BEGIN INPUT DATA
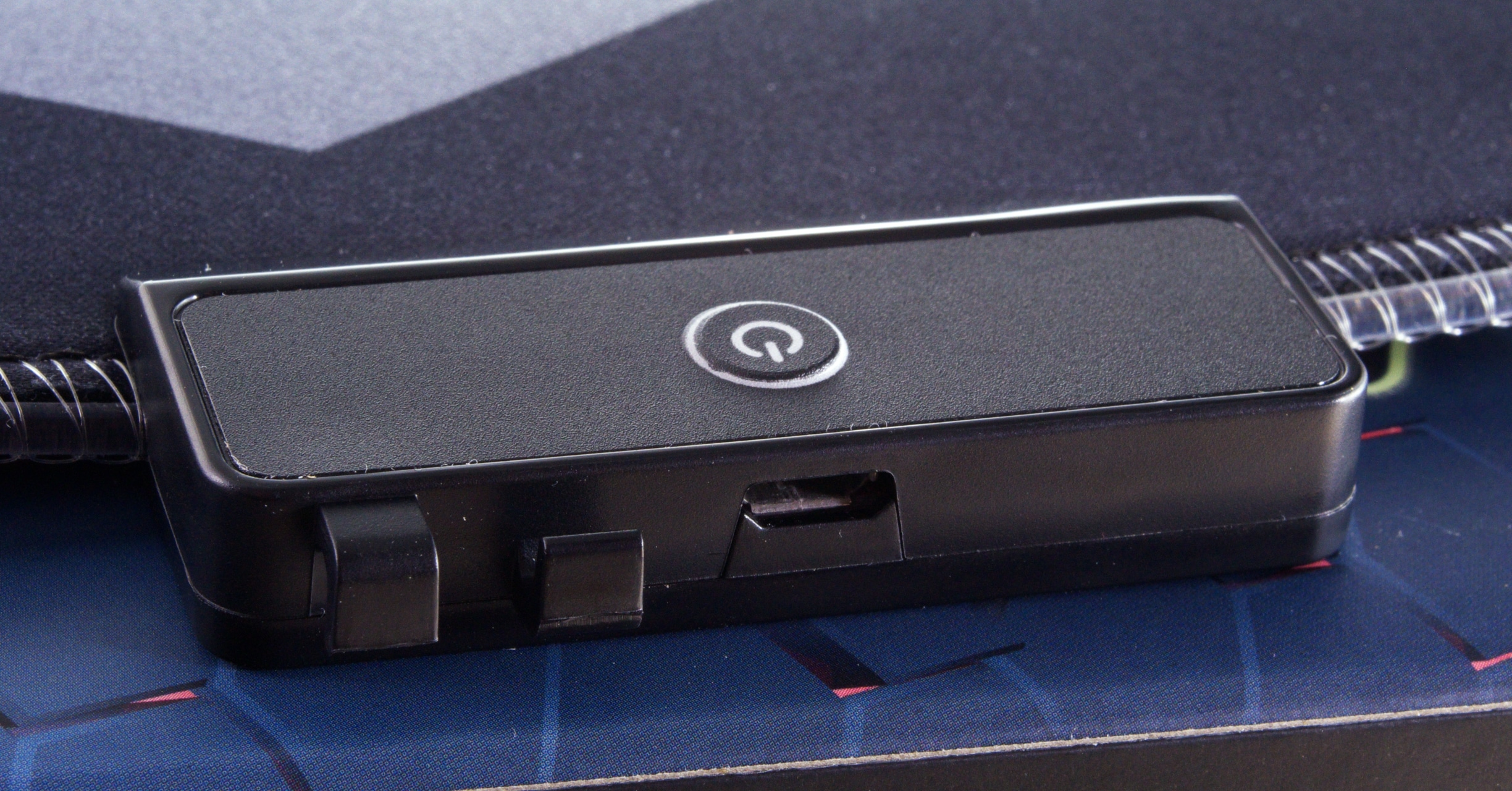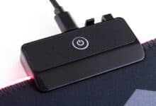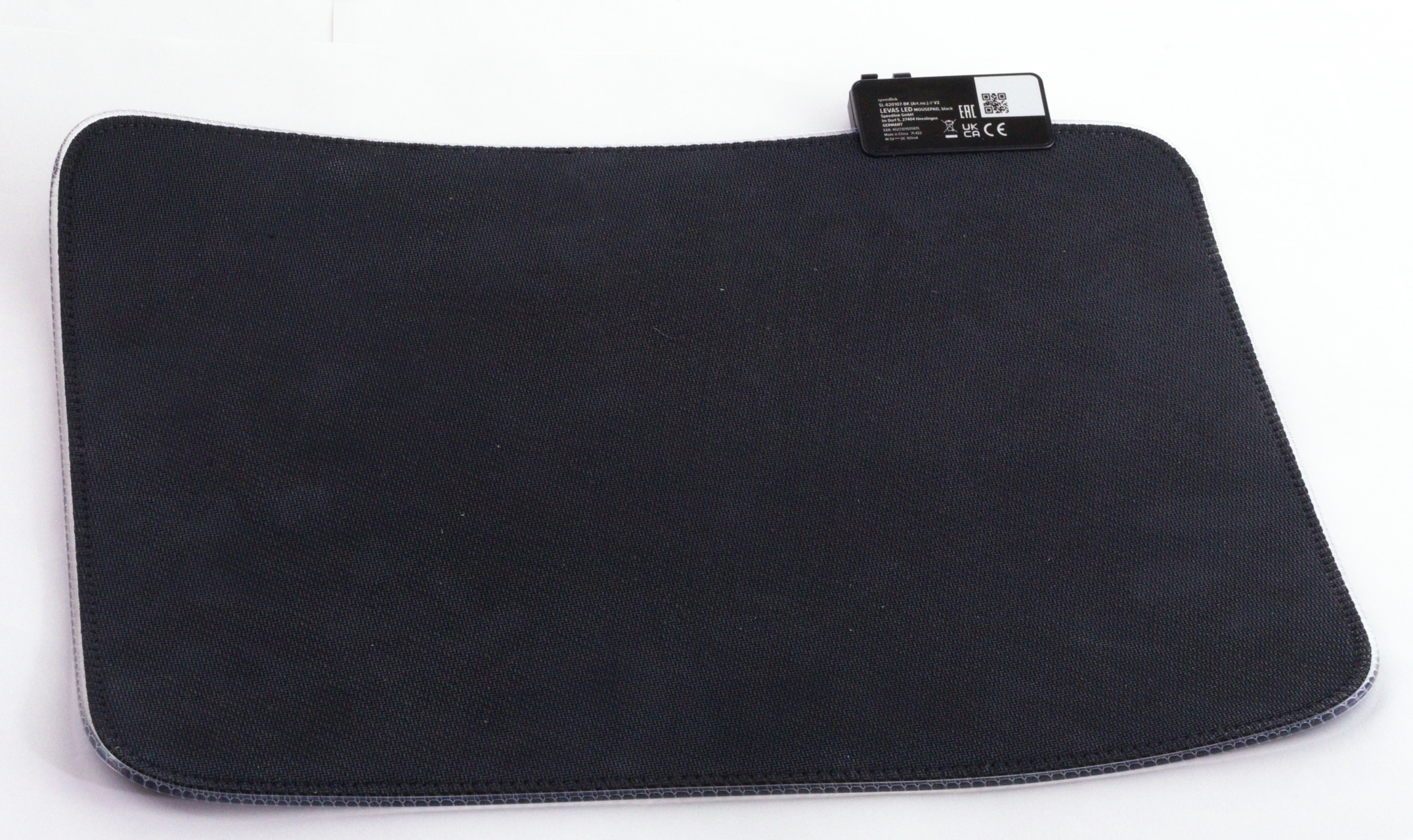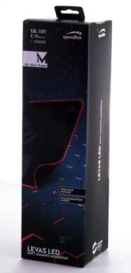 Das Speedlink Levas LED setzt auf einen typischen Stoffmauspad-Aufbau mit einem RGB-Controller an der oberen linken Seite sowie einer umlaufender Beleuchtung. Der Controller beherbergt dabei die Elektronik, den Micro-USB-Anschluss und die Taste, mit der die RGB-Beleuchtung gesteuert werden kann. Außerdem ist an dem Controller eine kleine Kabelführung untergebracht, durch die man das mitgelieferte USB-Kabel – falls gewünscht – nach rechts führen kann.
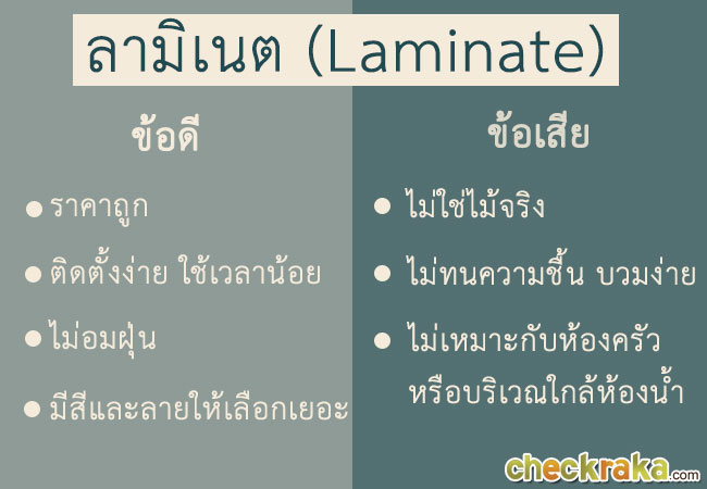 ลามิเนต เป็นวัสดุที่ได้รับความนิยมสูงสุดในปัจจุบันค่ะ พบได้บ่อยๆ ในคอนโดและบ้านเลย เนื่องจากราคาไม่สูง แต่มีคุณสมบัติที่ดีครบครัน ลามิเนตไม่ใช่ไม้จริง 100% แต่เกิดจากการนำเศษไม้มาผ่านกระบวนการทางวิทยาศาสตร์ ลามิเนตหาซื้อได้ง่าย มีลวดลายและสีสันให้เลือกจุใจ แต่ข้อเสียที่เห็นได้ชัดคือ กลัวน้ำสุดๆ น้ำหกต้องรีบเช็ด ไม่เหมาะกับพื้นที่ชื้นหรือโดนน้ำบ่อยๆ ไม่แนะนำให้ปูลามิเนตที่พื้นบ้านชั้นล่าง เพราะความชื้นจากพื้นดินจะทำให้อายุการใช้งานสั้นลงค่ะ
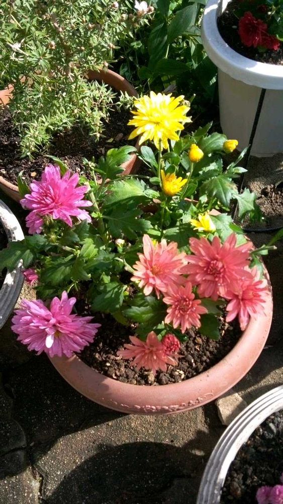 花友さんのキクの寄せ植え、3色可愛い色です🌸
END INPUT DATA
Set down the material above word for word and skip its pictures.

SOLUTION>
 Das Speedlink Levas LED setzt auf einen typischen Stoffmauspad-Aufbau mit einem RGB-Controller an der oberen linken Seite sowie einer umlaufender Beleuchtung. Der Controller beherbergt dabei die Elektronik, den Micro-USB-Anschluss und die Taste, mit der die RGB-Beleuchtung gesteuert werden kann. Außerdem ist an dem Controller eine kleine Kabelführung untergebracht, durch die man das mitgelieferte USB-Kabel – falls gewünscht – nach rechts führen kann.
 ลามิเนต เป็นวัสดุที่ได้รับความนิยมสูงสุดในปัจจุบันค่ะ พบได้บ่อยๆ ในคอนโดและบ้านเลย เนื่องจากราคาไม่สูง แต่มีคุณสมบัติที่ดีครบครัน ลามิเนตไม่ใช่ไม้จริง 100% แต่เกิดจากการนำเศษไม้มาผ่านกระบวนการทางวิทยาศาสตร์ ลามิเนตหาซื้อได้ง่าย มีลวดลายและสีสันให้เลือกจุใจ แต่ข้อเสียที่เห็นได้ชัดคือ กลัวน้ำสุดๆ น้ำหกต้องรีบเช็ด ไม่เหมาะกับพื้นที่ชื้นหรือโดนน้ำบ่อยๆ ไม่แนะนำให้ปูลามิเนตที่พื้นบ้านชั้นล่าง เพราะความชื้นจากพื้นดินจะทำให้อายุการใช้งานสั้นลงค่ะ
 花友さんのキクの寄せ植え、3色可愛い色です🌸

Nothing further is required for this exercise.